Congenital hypothyroidism

Alternative name Primary congenital hypothyroidism
About the condition Congenital hypothyroidism is an endocrine disorder. It is a condition that is caused by under-activity of the thyroid gland, which results in low levels of thyroid hormones. These hormones play an important role in body metabolism and their deficiency can cause intellectual and physical disability.
Inheritance Most cases are sporadic. However, about 10% of cases result from inherited enzyme defects within the thyroid gland.
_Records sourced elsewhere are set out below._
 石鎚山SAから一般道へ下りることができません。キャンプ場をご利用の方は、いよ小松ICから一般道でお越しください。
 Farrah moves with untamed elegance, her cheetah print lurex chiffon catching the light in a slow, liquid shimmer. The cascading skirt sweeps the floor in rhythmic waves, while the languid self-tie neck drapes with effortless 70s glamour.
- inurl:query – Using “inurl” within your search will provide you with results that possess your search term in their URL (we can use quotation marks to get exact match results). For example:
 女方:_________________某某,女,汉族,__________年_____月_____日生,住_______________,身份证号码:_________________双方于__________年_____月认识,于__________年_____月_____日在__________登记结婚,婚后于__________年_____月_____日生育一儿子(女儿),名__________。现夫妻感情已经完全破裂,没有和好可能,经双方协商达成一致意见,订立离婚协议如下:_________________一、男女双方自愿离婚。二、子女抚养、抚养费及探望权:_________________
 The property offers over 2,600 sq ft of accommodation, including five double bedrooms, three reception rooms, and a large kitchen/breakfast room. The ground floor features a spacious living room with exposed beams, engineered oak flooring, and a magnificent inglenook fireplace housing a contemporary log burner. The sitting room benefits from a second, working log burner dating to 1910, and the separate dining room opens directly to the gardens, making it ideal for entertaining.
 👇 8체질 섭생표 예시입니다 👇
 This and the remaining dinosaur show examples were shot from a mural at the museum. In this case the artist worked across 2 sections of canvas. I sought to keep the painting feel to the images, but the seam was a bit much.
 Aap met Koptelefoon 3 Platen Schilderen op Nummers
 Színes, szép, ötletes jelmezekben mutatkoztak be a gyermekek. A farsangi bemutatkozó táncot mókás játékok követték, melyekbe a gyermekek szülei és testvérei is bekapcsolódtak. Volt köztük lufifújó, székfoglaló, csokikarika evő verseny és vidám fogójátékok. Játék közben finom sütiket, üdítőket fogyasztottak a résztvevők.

Year screening occurred in WA  1981
Incidence in WA 1 in 3,000 births
Defect
  • No thyroid gland (athyrosis)
  • Small maldescended gland
  • Iodination defect
Symptoms if untreated Signs of hypothyroidism often do not appear until the infant is 3–4 months of age. Affected infants are likely to have already suffered irreversible brain damage before signs of the condition begin to appear. Many times the early diagnosis relies almost solely on the results of newborn screening. Other symptoms of the condition include:
  • Prolonged neonatal jaundice
  • Feeding problems, FTT, constipation
  • Lethargy, hypotonia
  • Coarse facial features, thick tongue
  • Hoarse cry
  • Distended abdomen, umbilical hernia
  • Intellectual disability
  • Physical disability
If detected early and treated, the child will develop normally.
Metabolites on bloodspot screening Increased thyroid stimulating hormone (TSH).
Diagnostic tests
  • Plasma TSH and free T4
  • A scan of the thyroid gland is also sometimes performed
Treatment Daily treatment with thyroid hormone tablets results in normal growth and development.
Screening issues The screening results may be affected by maternal thyroid disease and medication, as well as iodine excess or deficiency.